▸ Material provided
::::::::::

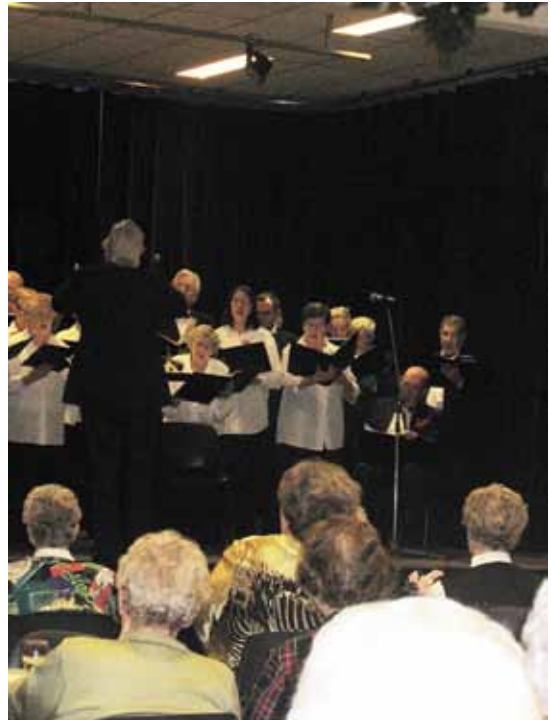
Resurrexit in uniform tijdens het kerstconcert in 2004 dames: zwarte rok en witte blouse; heren: zwart kostuum witte overhemd en stropdas
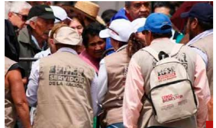
Un ejército paralelo a Morena se dedicó a difundir la imagen del Primer Mandatario, así como a solicitar el voto para Claudia Sheinbaum Pardo.

Se hará acompañar del influyente y experimentado Manlio Fabio Beltrones, quien con seguridad le dará realce a la Cámara de Senadores, donde jugó un papel de primer orden de 2006 a 2012. Moreno será

::::::::::

▸ Aim of the task
Any picture in the material is to be dropped; the rest is repeated exactly.

▸ Result
Resurrexit in uniform tijdens het kerstconcert in 2004 dames: zwarte rok en witte blouse; heren: zwart kostuum witte overhemd en stropdas
Un ejército paralelo a Morena se dedicó a difundir la imagen del Primer Mandatario, así como a solicitar el voto para Claudia Sheinbaum Pardo.

Se hará acompañar del influyente y experimentado Manlio Fabio Beltrones, quien con seguridad le dará realce a la Cámara de Senadores, donde jugó un papel de primer orden de 2006 a 2012. Moreno será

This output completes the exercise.